Kahlia, I live in the DFW Metroplex in Texas. How would I go about finding the family service office? I really need help with the financial situation. Any info is greatly appreciated. Thanks so much for your support too. The boards here really keep me going.
I LOVE the zoo!! You really should get out. This way you won't have to deal with people animals, but nice animals!! Make sure you get some cotton candy and junk food too while you are there. You should reconsider borrowing the $$. It is so important to get right and then worry about the rest. Hugs, hugs and more big hugs to you!!! I hope to hear of a turn around soon!! Take care. Love, Lori
P.S. If you were such a burden, I doubt he would still be hanging around. He rocks!
My mood is improving but I am still coping with the extere irritability. I don't want ANYONE around me or to talk to me. This is making it difficult to make it through work. I expect this to pass soon. I know much of it has to do with my pms.
Lori, I am so excited about the zoo! I am also going to Six Flags with my sweet man on Friday. That should get the adrenaline flowing! I am having an action packed weekend. So many fun things! I should be feeling better in no time!
Reesie, thanks for your info. My mother uses MHMR and she doesn't have to pay anything. She is bipolar too. We are not close so I didn't ask her about it but I did look it up on the internet and was confused a little so I guess I am just going to have to make a phone call and explain my situation and see if they can help. Thanks again Reesie!

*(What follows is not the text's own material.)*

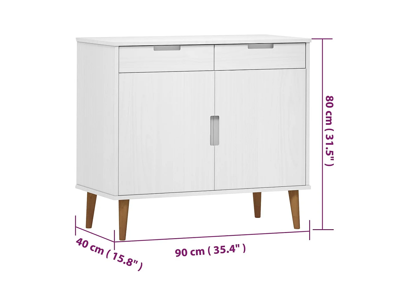 Sideboard MOLDE Weiß 90x40x80 cm Massivholz Kiefer
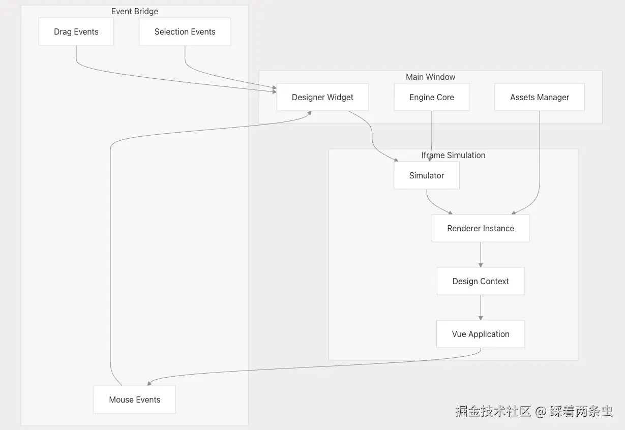 Designer 和 Renderer 系统通过基于 iframe 的共享模拟环境进行集成,该环境支持实时预览和交互。

Have fun today Dragon! I hope you have a wonderful weekend filled with love, excitement, laughter and junk food!! I am too jealous - LOL! Think of me sitting in the garage with 2 children getting my car fixed , then later in the day meeting friends for pizza with 2 kids. Now which would YOU rather be doing!!! Love Ya!!!! Lori
I just wanted to let you know, I am finally going to the dr today , so we will see what happens. Also, my blood pressure was THROUGH THE ROOF yesterday!! 188/113. Normal is 120/70, high is 140/90. I don't know if that could be related to my moods or what, but gonna get it checked out.

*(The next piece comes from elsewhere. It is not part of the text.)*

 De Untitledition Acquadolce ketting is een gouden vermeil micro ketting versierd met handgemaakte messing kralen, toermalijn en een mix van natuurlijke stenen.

I wish you luck with you kids, car, and pizza! I will let you know how everything goes.
Yikes! Hope the bp thing was just some kind of fluke thing. I made it through the auto mech unscathed. Kids were good, only a half hr and $24.00. How good does it get???? Besides that its snowing again. Cant wait to hear about your weekend! Love, Lori
Turns out the dr thought it was the effexor! We talked about what to do. He thought of taking me off and putting me on something else but instead he gave me yet another pill to lower it and raised my effexor a little for the depression. I am still waiting on blood and urine test results to make sure it isn't someting else.
My weekend was AWESOME! It was just what I needed. We rode all the big scary, rides. Some twice. The zoo was so much fun too! The monkeys are too cute! After the zoo we took a nice long nap (4hrs!) and then went on a Walmart shopping spree!

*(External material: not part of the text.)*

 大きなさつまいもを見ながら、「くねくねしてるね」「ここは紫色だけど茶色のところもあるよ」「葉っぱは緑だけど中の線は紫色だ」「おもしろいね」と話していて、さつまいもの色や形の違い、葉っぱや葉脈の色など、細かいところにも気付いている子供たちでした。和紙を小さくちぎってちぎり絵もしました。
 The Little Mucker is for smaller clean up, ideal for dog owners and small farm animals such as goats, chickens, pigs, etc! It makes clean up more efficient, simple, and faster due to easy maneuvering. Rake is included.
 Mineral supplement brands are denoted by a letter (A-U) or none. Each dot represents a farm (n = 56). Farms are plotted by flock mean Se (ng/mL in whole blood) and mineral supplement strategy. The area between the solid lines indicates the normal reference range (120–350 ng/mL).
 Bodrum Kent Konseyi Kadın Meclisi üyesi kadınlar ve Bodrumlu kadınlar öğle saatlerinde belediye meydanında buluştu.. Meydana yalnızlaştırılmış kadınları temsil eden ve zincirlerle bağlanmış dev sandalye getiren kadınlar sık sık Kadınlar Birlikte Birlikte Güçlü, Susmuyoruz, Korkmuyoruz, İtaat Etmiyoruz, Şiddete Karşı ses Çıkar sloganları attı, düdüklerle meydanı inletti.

It's snowing??? Here it is so nice, about 75 degrees. I don't like the snow much, it's too cold for me!
Well, I am glad your weekend went well. let's hope our future weekends go just as well! And I stay out of the depression!
OMG Dragon!! I am SO glad you had such a great weekend!!! It sounds so perfect, right down to the shopping spree!! Will the dr take you off the effexor if thats what it is, or just give you more meds?
My Saturday went from good to bad. I was an angry,irritable person all day plus my refrigerator broke, The guy will come look on Wed, but for now all of our crap is outside in a snow bank. Its supposed to be 70 by Wed so - oh well!